ASCLETIS-B (01672) announced that the company's board of directors has recently completed pre-New Drug Application (Pre-NDA) communication with China's National Medical Products Administration (NMPA) regarding denifanstat (ASC40) for the treatment of moderate-to-severe acne vulgaris, and plans to submit the new drug application in the near future.

The Pre-NDA communication began in June 2025 and concluded in October 2025. Ascletis has completed both Phase II (NCT05104125) and Phase III (NCT06192264) studies of denifanstat (ASC40) for treating moderate-to-severe acne vulgaris.

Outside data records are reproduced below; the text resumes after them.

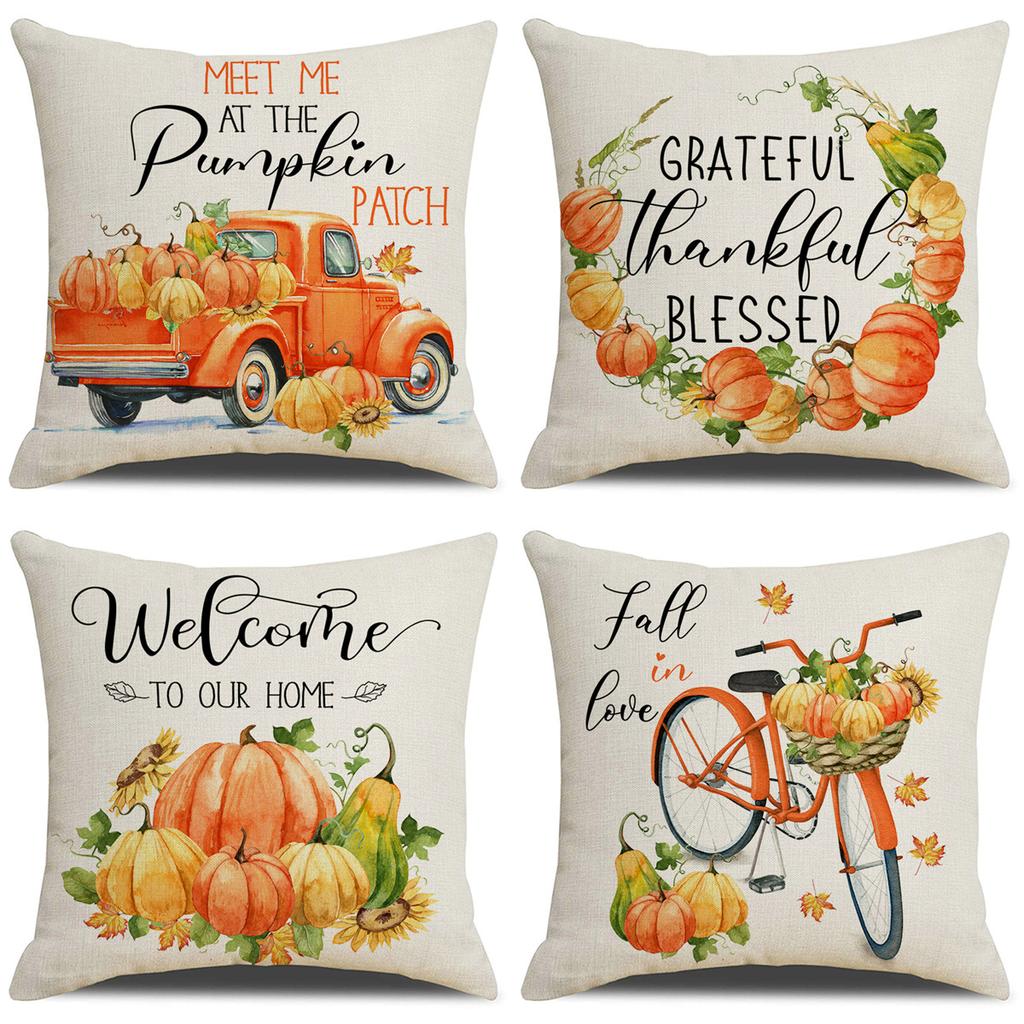 New Autumn Throw Pillow Cover Pumpkin Truck Thanksgiving Cushion Linen Digital Print Holiday Dress Up Cushion
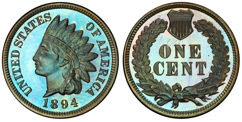 The condition of an 1894 Indian Head Cent significantly impacts its value. Due to its age and circulation, finding high-grade examples can be challenging. Coins in uncirculated condition (MS60 or higher) are particularly desirable and command substantial premiums.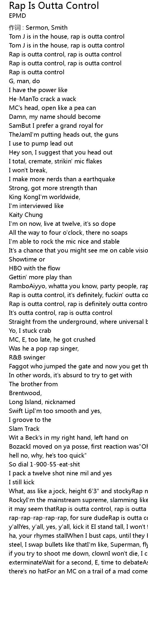 | What, ass like a jock, height 6'3" and stockyRap name not Balboa, so motherfuck RockyI'm the mainstream supreme, slamming like Aikeem the DreamAnd yes sometimes it may seem thatRap is outta control, rap is outta controlSure dude, rap-rap-rap-rap-rap, for sure dudeRap is outta control, yes, yes, y'all, yes, y'allYes, y'all, yes, y'all, kick it EI stand tall, I won't fall, I recall, ha ha, your rhymes stallWhen I bust caps, until they Kryptonite capsI reign of steel, I swap bullets like thatI'm like, Superman, fly high way up in the skyAnd if you try to shoot me down, clownI won't die, I cremateI hate, let's exterminateWait for a second, E, time to debateAs I take my fisherman hat off, there's no hatFor an MC on a trail of a mad comeback |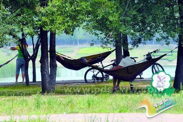 ????□记者 牛超????平顶山新闻网讯 酷暑难耐,市区建设路西段白鹭洲国家城市湿地公园的树林里又热闹起来,不少人躺在吊床上纳凉,不顾树枝在拉扯中“变形”。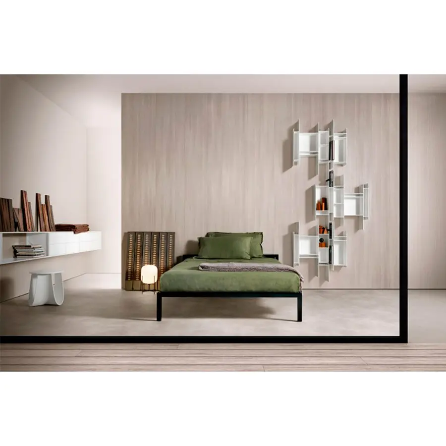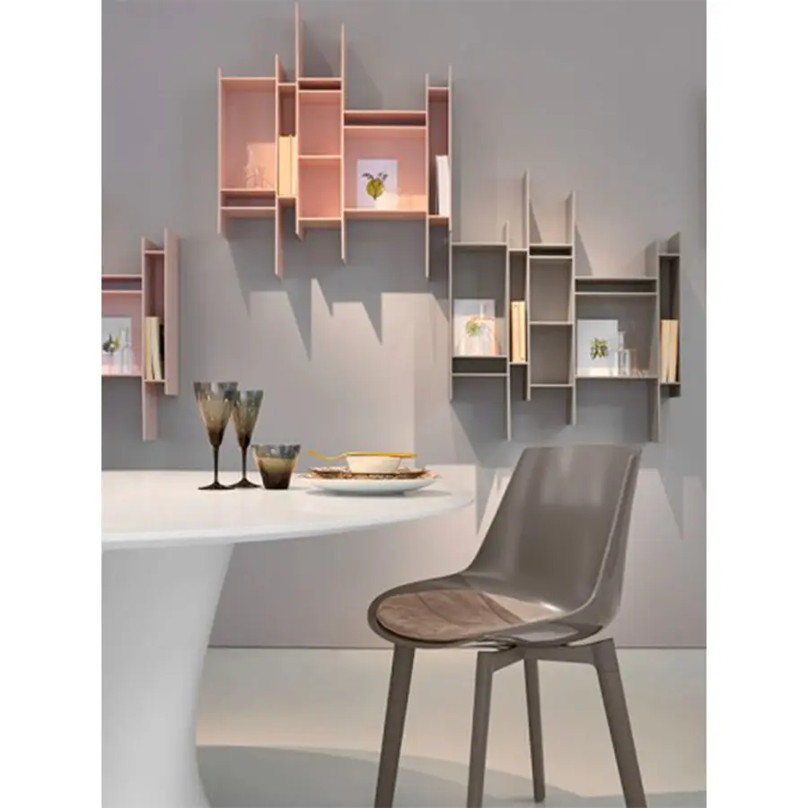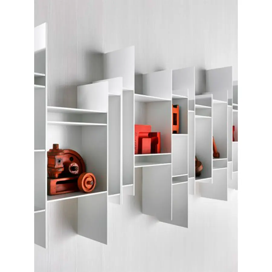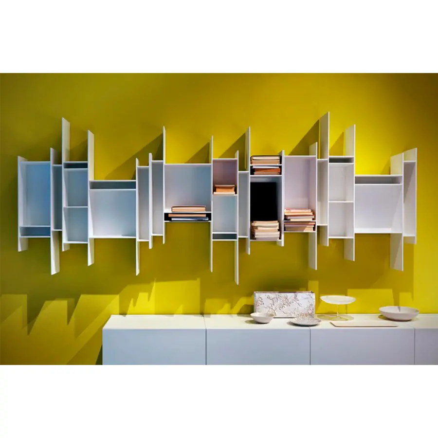 Un cartel gráfico en la pared que llama la atención. Una estantería colgante pequeña pero entrañable, capaz de conferir dinamismo a cualquier entorno y embellecerla como una obra de arte. Esta es la característica principal de Randomito, cuyo módulo único y verticalmente reversible puede usarse tanto individualmente como por agregación, obteniendo así muchas configuraciones personalizadas. Además, la paleta de colores se ha agregado más tonos a lo largo de los años: no solo blanco puro sino otros siete tonos, incluidos los pasteles. Neuland Industriedesign concibió una estantería que evoca movimiento y ligereza, cuya silueta es inconfundible: única en su tipo, está inspirada en el «progenitor» Aleatorio, que representa uno de sus caminos evolutivos. Maravilloso en contextos residenciales, Randomito se presta excelentemente a espacios comerciales.

In the Phase III study, denifanstat (ASC40) achieved all primary, key secondary, and secondary efficacy endpoints (intention-to-treat analysis), demonstrating significant improvement in moderate-to-severe acne vulgaris compared to placebo. Denifanstat (ASC40) exhibited favorable safety and tolerability characteristics.

All treatment-emergent adverse events (TEAEs) related to denifanstat (ASC40) were mild (Grade 1) or moderate (Grade 2). There were no Grade 3 or 4 TEAEs related to denifanstat (ASC40), and no serious adverse events (SAEs) related to denifanstat (ASC40). No permanent treatment discontinuation or trial withdrawal related to denifanstat (ASC40) was observed.

On September 17, 2025, at the 2025 European Academy of Dermatology and Venereology (EADV) Annual Meeting held in Paris, France, Ascletis presented the Phase III study results in an oral presentation.

Ascletis has obtained exclusive licensing rights for denifanstat (ASC40) in Greater China from Sagimet Biosciences Inc. (NASDAQ: SGMT).